Concentration-time courses of DMP conjugates with five different linkers after incubation (37°C) in rat blood. Symbols and bars represent mean and standard deviations, respectively. Lines represent first-order fits to the data (n = 3).
Hydrolysis of DMP by Peptidases
Papain
Papain-mediated release of MP and MPS-peptidyl intermediates is shown in Fig. 5. Except for MPS-mG-OH, all the other possible MPS-peptidyl intermediates were observed in relatively high concentrations for all the conjugates (Fig. 5). The total MP released from the conjugates during 48 h of incubation with papain ranged from 31% for MPS-mG-Dex to 71% for MPS-mGGGGG-Dex (Figure 5). Overall, the % total MP release appeared to be dependent on the length of the peptide linker, whereas the free MP release appeared to be similar for all the conjugates (Fig. 5).
Figure 5.
A–E: In vitro release profiles of MP and MPS-peptidyl intermediates after incubation (37°C) of DMP conjugates with five different linkers in the presence of papain. F: Total MP equivalent released at 48 h versus the number of amino acids in the linker. Symbols and bars represent mean and standard deviations, respectively (n = 3).
Cathepsin-B
Cathepsin-B-mediated degradation of the dextran conjugates of MP is demonstrated in Fig. 6. With the exception of appearance of cathepsin-B-mediated MPS-mG-OH intermediate for most conjugates, the qualitative pattern of conjugate hydrolysis by cathepsin-B (Fig. 6) was similar to that observed for papain (Fig. 5). However, the % total MP release (5–17%, Fig. 6f) by cathepsin B was much lower than that seen by papain incubation (Fig. 5f). A decrease in the length of the linker caused a progressive decrease in the cathepsin-B-mediated MP and MPS-peptidyl intermediate release (Fig. 6f).
Figure 6.
A–E: In vitro release profiles of MP and MPS-peptidyl intermediates after incubation (37°C) of DMP conjugates with five different linkers in the presence of cathepsin-B. F: Total MP equivalent released at 48 h versus the number of amino acids in the linker. Symbols and bars represent mean and standard deviations, respectively (n = 3).
Cathepsin-D and Trypsin
To understand the enzyme specificity for the degradation of the conjugate, we included cathepsin D, as an aspartyl proteinase, and trypsin, as a serine proteinase, in our studies as negative controls. As expected, the rate of release of free MP and MPS-peptidyl intermediates was very slow and negligible with both enzymes (data not shown).

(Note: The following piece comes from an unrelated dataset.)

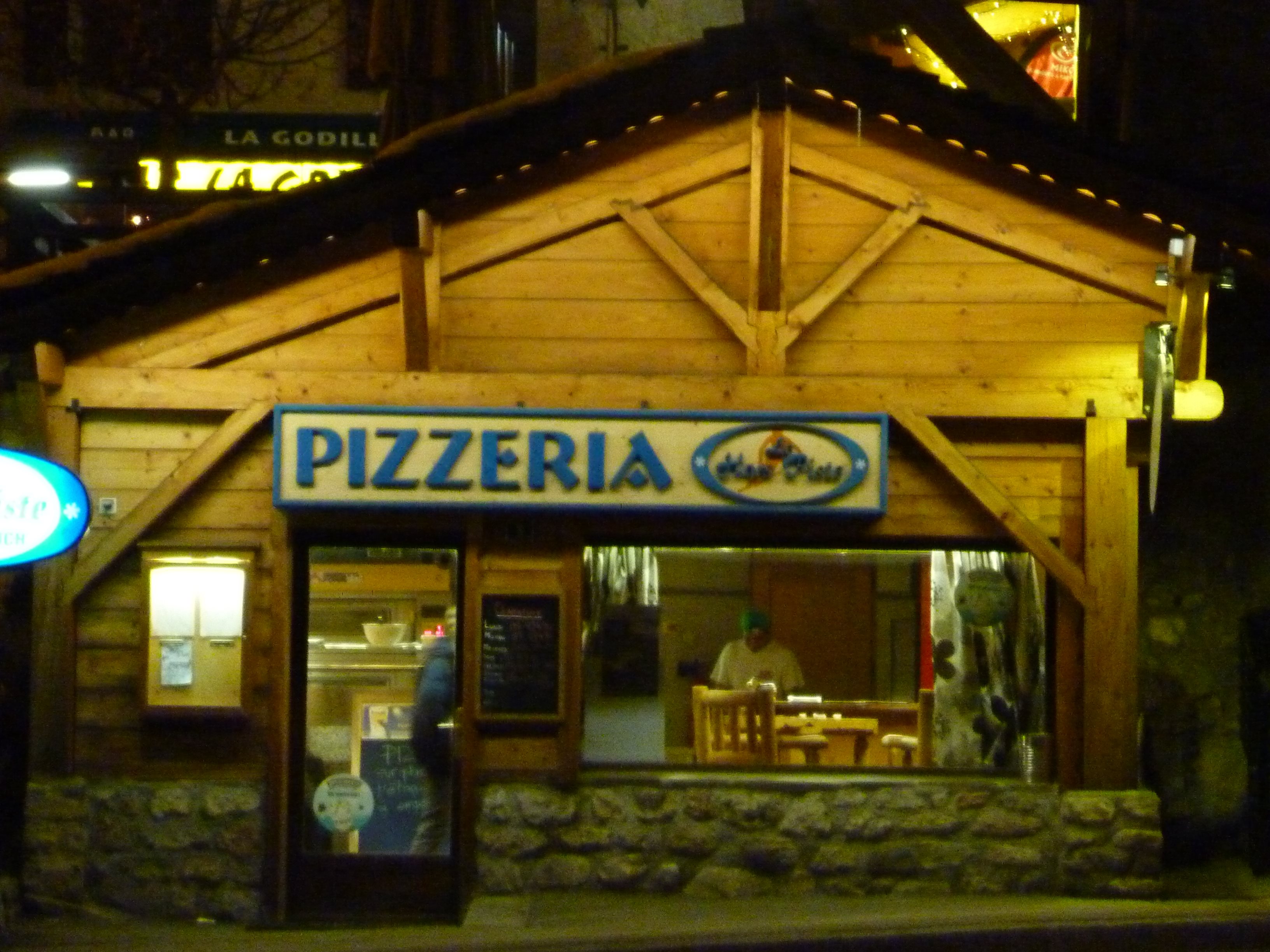 The take away part of the Hors Piste restaurant is located at the bottom of the steps just under the restaurant itself. They cook lovely freshly prepared take away pizzas. We keep a menu in the information folder in the apartment.

Hydrolysis of DMP in Liver Lysosomes
The hydrolysis patterns of conjugates in the presence of lysosomal fraction are demonstrated in Fig. 7. Lysosomal degradation caused release of free MP and all the possible MPS-peptidyl intermediates, including relatively high concentrations of MPS-mG-OH. However, for most conjugates, MP was by far the most abundant released moiety (Fig. 7). The total amount of MP and MPS-peptidyl intermediates released in the presence of lysosomes ranged from 3% (MPS-mG-Dex) to 11% (MPS-mGGGGG-Dex) (Fig. 7f). An increase in the peptide link caused an increase in the release of MP and/or its peptidyl intermediates, although hydrolysis of MPS-mGG-Dex deviated from this pattern (Fig. 7f).
Figure 7.
A–E: In vitro release profiles of MP and MPS-peptidyl intermediates after incubation (37°C) of DMP conjugates with five different linkers in the presence of rat lysosomal fraction. F: Total MP equivalent released at 48 h versus the number of amino acids in the linker. Symbols and bars represent mean and standard deviations, respectively (n = 3).
DISCUSSION
Dextran macromolecular prodrugs are usually synthesized by covalent attachment of drugs, directly or through a spacer arm, to the dextran polymer.7,8 The drug is then released in vivo by hydrolytic and/or enzymatic cleavage of the linking bond. Therefore, the rate of the drug release is dependent on the nature of the linking bond and the type and length of the spacer group. Our previous studies on a 70 kDa dextran prodrug of MP with a succinate linker, although promising, demonstrated some shortcomings. First, the conjugate showed a slow and incomplete release of MP both in vitro9 and in vivo,11,12 reducing the potential duration and intensity of action of the conjugate. Additionally, in vivo pharmacokinetic studies indicated some degree of nonlinearity in the elimination of the conjugate, most likely due to the large Mw of the dextran carrier.21 This study was therefore undertaken to synthesize new dextran conjugates of MP with necessary modifications that would be devoid of the above shortcomings.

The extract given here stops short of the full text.